The Bank of Canada has shelved plans for a central bank digital currency following pressure from banking institutions concerned about profit margins.Kate Newman/The Globe and Mail
Claude Lavoie is a contributing columnist for The Globe and Mail. From 2008 to 2023, he served as Director of the Economic Research and Policy Analysis Bureau at the Ministry of Finance.
Ottawa’s new framework for regulating stablecoins has been welcomed by crypto advocates.
Federal law would allow companies to issue lunatic-backed stablecoins, cryptocurrencies pegged to the Canadian dollar. Financial services group Tetra Digital plans to launch this early next year.
The government’s move comes after the United States passed the GENIUS Act, raising concerns that Canada will be left behind in the digital currency race.
But Ottawa missed a better opportunity to introduce a central bank digital currency that would make Canada’s banking system more inclusive, stable and efficient. However, the Bank of Canada has shelved its CBDC plan due to pressure from banking institutions concerned about profit margins.
Given that almost 90% of transactions are already done electronically through wire transfers, credit cards, and debit cards, why bother with stablecoins?
Ottawa’s new stablecoin framework is an important step towards monetary sovereignty, supporters say
The answer lies in efficiency. Stablecoin transactions do not need to pass through multiple domestic and international institutions before settlement, allowing for faster processing, lower fees, greater privacy, and easier international transfers. By being pegged to the Canadian dollar, it avoids the extreme volatility of cryptocurrencies like Bitcoin, which has fallen more than 30% in recent months.
However, significant risks remain. The value of a private stablecoin depends on the issuer’s credibility and ability to maintain sufficient high-quality reserves. A “de-pegging” incident occurred in which a stablecoin that was supposed to be worth 1 dollar dropped to less than 90 cents.
Users also need to find someone who will accept their stablecoins or exchange them for traditional currencies, which is especially complicated for cross-border transactions. Unlike credit cards and electronic banking, stablecoins have no fraud detection or consumer protections. A transaction to the wrong address, hacking, or loss of your private key means your money is gone.
Central bank digital currencies offer similar payment benefits and eliminate the risks posed by private alternatives.
CBDC, a legal tender issued by the Bank of Canada, is accepted wherever the Canadian dollar is currently accepted. It has the same backing as the current dollar, and the risk of depegging is zero.
BoC’s Macklem presents high-level vision for stablecoin regulation
An international agreement between central banks will facilitate faster and cheaper exchange between countries’ CBDCs, making it easier to send money to friends and family in Europe, Japan and beyond. Controlling illegal activities will be easier than with private digital currencies.

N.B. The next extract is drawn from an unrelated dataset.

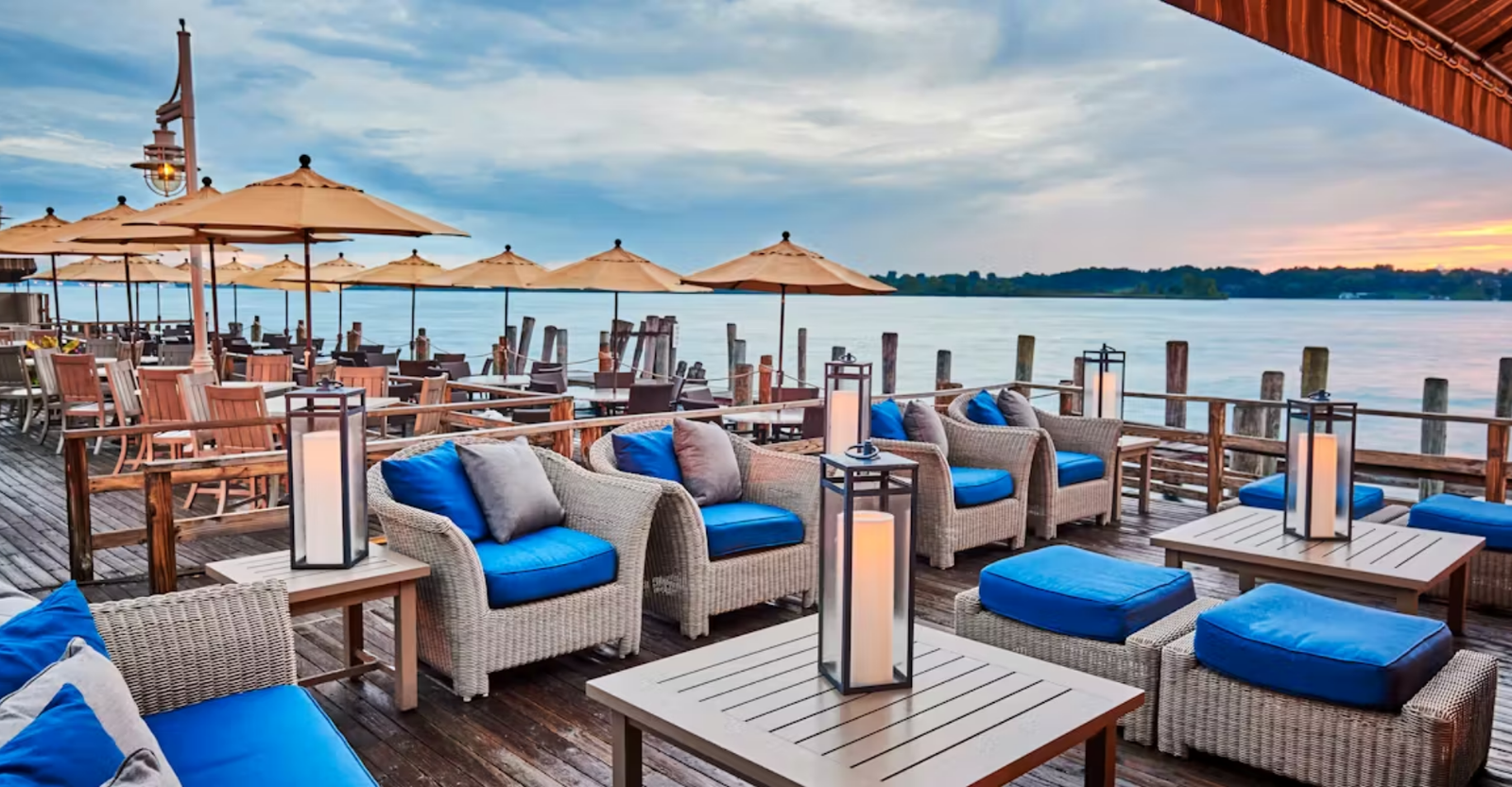 🌊 Deck dining with river views
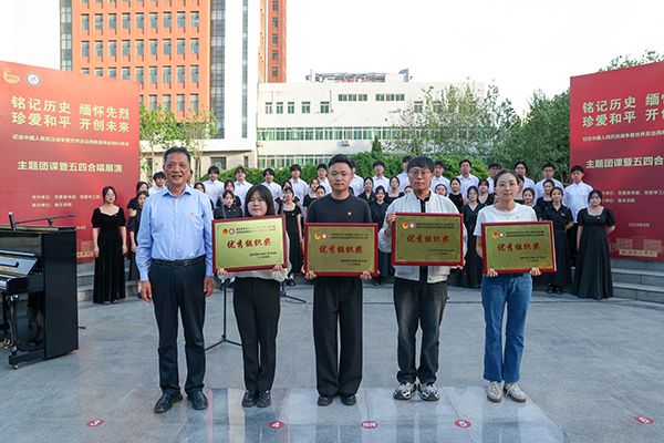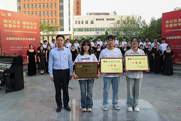 4月29日,在五四青年节即将到来之际,以“铭记历史 缅怀先烈 珍爱和平 开创未来”为主题的纪念中国人民抗日战争暨世界反法西斯战争胜利80周年主题团课暨五四合唱展演在我校秦池湖畔圆形广场举行。校党委书记王长顺、校党委副书记袁也出席活动。

Holding a CBDC will essentially be equivalent to holding deposits at a central bank (or some kind of new national public deposit bank) that can be accessed via card, computer, or smartphone. The government could use social insurance numbers to create an account for every Canadian, extending the benefits of electronic payments to unbanked populations such as the homeless, the elderly and people in remote areas. Federal money transfers could be made more quickly and efficiently.
With all the benefits of a CBDC, the Bank of Canada has abandoned the idea. Of course, the decision ultimately rests with the government. The launch of a CBDC will require legislative changes, particularly to the Bank of Canada Act and the Currency Act. So why isn’t the government pursuing it? The answer likely lies in the BoC’s stakeholder consultation report.
Bank of Montreal, Bank of Nova Scotia, CIBC, and TD Bank in Toronto’s financial district.Fred Lamb/Globe and Mail
One of the key factors that emerged from these discussions was financial institutions’ concerns about the impact of CBDCs on their operations. A CBDC would remove the incentive to hold funds in bank accounts. Why keep your money in an account that earns virtually no interest and incurs fees when you can keep it more securely at a central bank without any fees? Banks will lose a stable source of low-cost funding.
Banks claim this threatens financial stability. But if Canadians move from bank deposits to CBDCs, it will simply level the playing field between banks and other non-deposit-taking financial institutions.
Although most financial institutions do not have access to bank deposits as funding (First National, Wealthsimple, Manulife, etc.), they still operate successfully. Additionally, the Bank of Canada has the tools to address financial stability issues should they arise.
The real reason for the resistance is simple. CBDCs would negatively impact the profits of large depository institutions and eliminate the market and profits for privately issued stablecoins.
Other concerns include privacy issues and the complexity of the required regulatory framework. While it is worrying that some people trust private cryptocurrency issuers more than public institutions, these challenges are manageable. CBDC can also coexist with physical cash.
More than 130 countries are considering central bank digital currencies, many in testing or development stages, but shelving the idea could be a missed opportunity that future generations will regret.